Tuesday, June 23, 2009

The Anti-Shorting Nuts Are Loose

I'm fascinated by the split personality of the anti-short selling campaign. At the top you have a phalanx of lobbyists and pressure groups, some totally respectable (if predictable), like the U.S. Chamber of Commerce and Washington Legal Foundation, and including consultants and other top-level spokespeople for the cause, such as former SEC commissioner Roel Campos.

And then, on a sliding scale of respectability, you have astroturf organizations and websites spouting "stock counterfeiting" conspiracy theories. These tend to have "market reform" in their titles -- even though genuine market reform, such as abolishing mandatory arbitration and reforming executive compensation, is not part of their mission.

Below them are what I call the "pond scum," the crazies and the hired thugs.

What all levels of the campaign have in common are the inspiration and deep-pockets financing of the guru of the movement, Overstock.com CEO Patrick Byrne.

As part of his mission to gain respectability, for himself as well as his movement, Byrne recently has hired a Los Angeles public relations firm, Levine Communications, to get Byrne face time with members of the media as the "Wyatt Earp of Wall Street." That's odd because the real Earp was married to a Jewish lady named Josephine Marcus and was buried in a Jewish cemetery. Byrne, by contrast, is an old pal of the far-right wingnut Bo Gritz, and has been beset by charges of anti-Semitism for years.

That brings me to the latest examples of the pond scum element that have come to my attention.

One was a post on a Yahoo stock message board shortly before 7 p.m. yesterday. It said as follows:

at [address redacted].

He's an alan berg wannabee.
The message, which was quickly deleted by Yahoo, was signed "kikevermin3." Alan Berg was a radio talk show host who was killed by a right-wing extremist in 1984.
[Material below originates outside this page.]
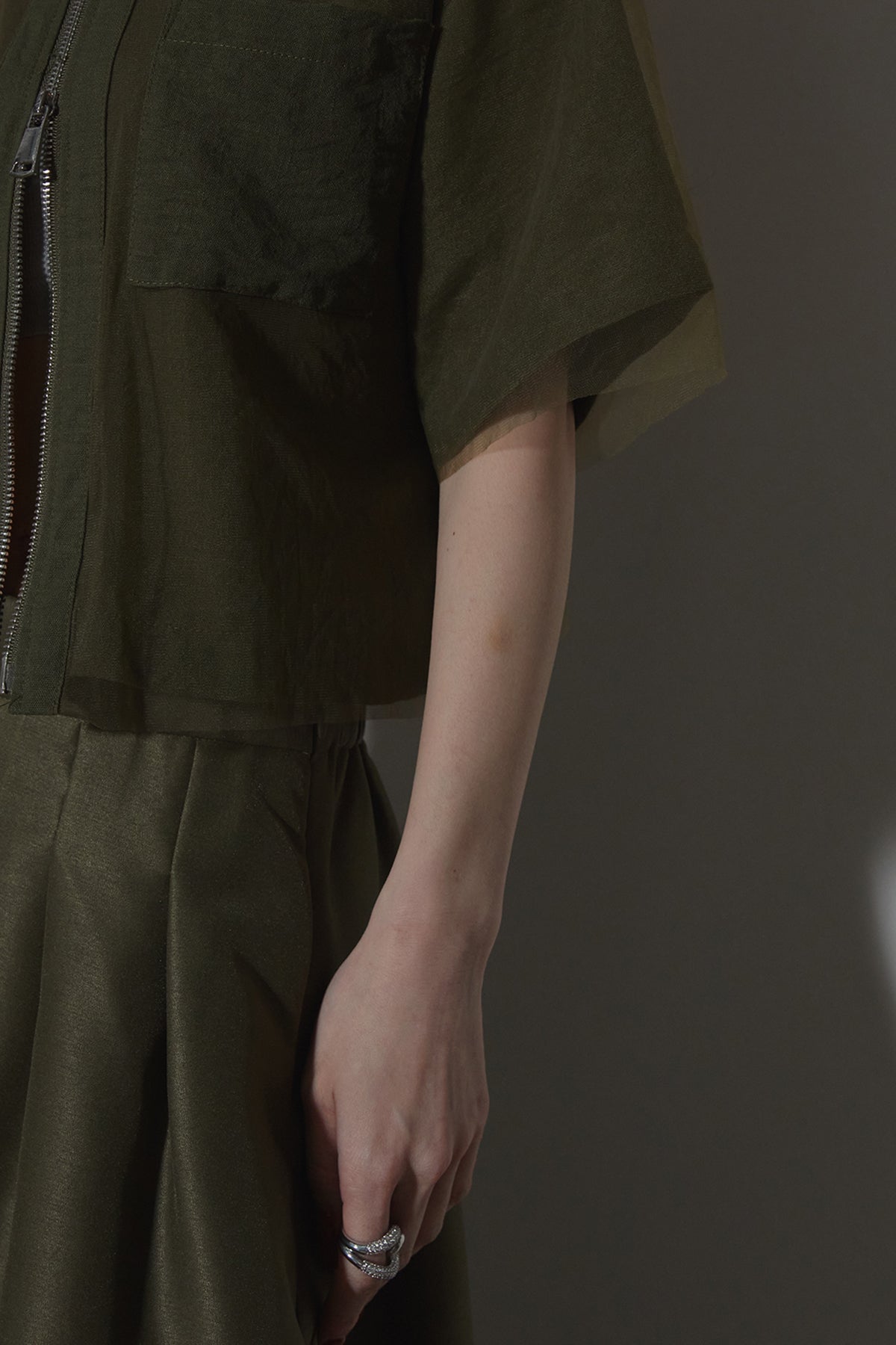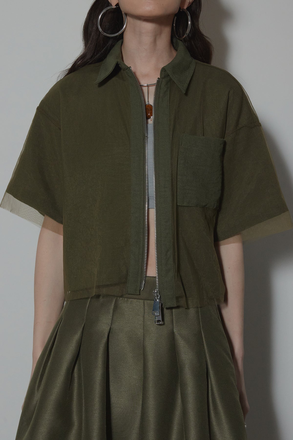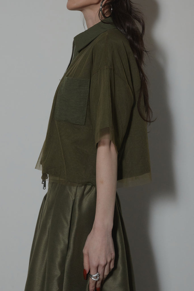 チュール素材を重ねた異素材ミックスのショートトップス。 フロントのダブルジップがスタイリングにアクセントをプラス。 軽やかでモードな印象を与える一枚です。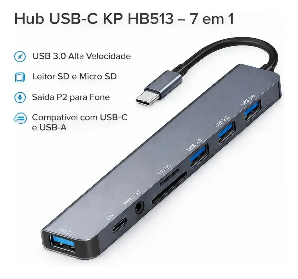 O produto reúne múltiplas funções em um único equipamento, permitindo a conexão de dispositivos compatíveis por meio de portas USB, além de possibilitar a leitura de cartões de memória SD e Micro SD.

What apparently caused this spasm of hate was a posting on Byrne's "Deep Capture" blog, which weaved a conspiracy between Cramer and others, while reviving the old and easily refuted claim that Dendreon Corp. was a victim of "naked short selling."

Now, I can understand how Byrne might disclaim responsibility for this death threat--even though it was directly inspired by his latest Internet craziness. In my view, he would be directly culpable for any harm that might come to people as a result of the trash published in his blog. What he publishes in Deep Capture is believed by the conspiracy-minded, many of are "nucking futs," and some whom are crazy enough to actually carry out their fantasies.

Byrne realizes that, or should realize that, and is morally--and perhaps legally--responsible for the actions of his followers.

There is certainly no question that he is directly responsible for the second recent example of the pond scum element: I'm told that his hireling Judd Bagley has sought to get in touch with the estranged wife of Sam Antar, a frequent critic of his boss.

Mrs. Antar, I'm told, has refused to respond to Bagley's request for phone call. Bagley was, no doubt, intending to dig up dirt on Antar and, at the very least, to harass him, in a disgraceful attempt at issuer retaliation.

Byrne's p.r. campaign has already resulted in some dumb journalism, and that's ok. Heck, that's why the good Lord created p.r. people. But the pond scum element, whether they are Bagley or the creep who threatened Cramer, are a different order of magnitude. Such punks are dangerous, and they need to be criminally prosecuted.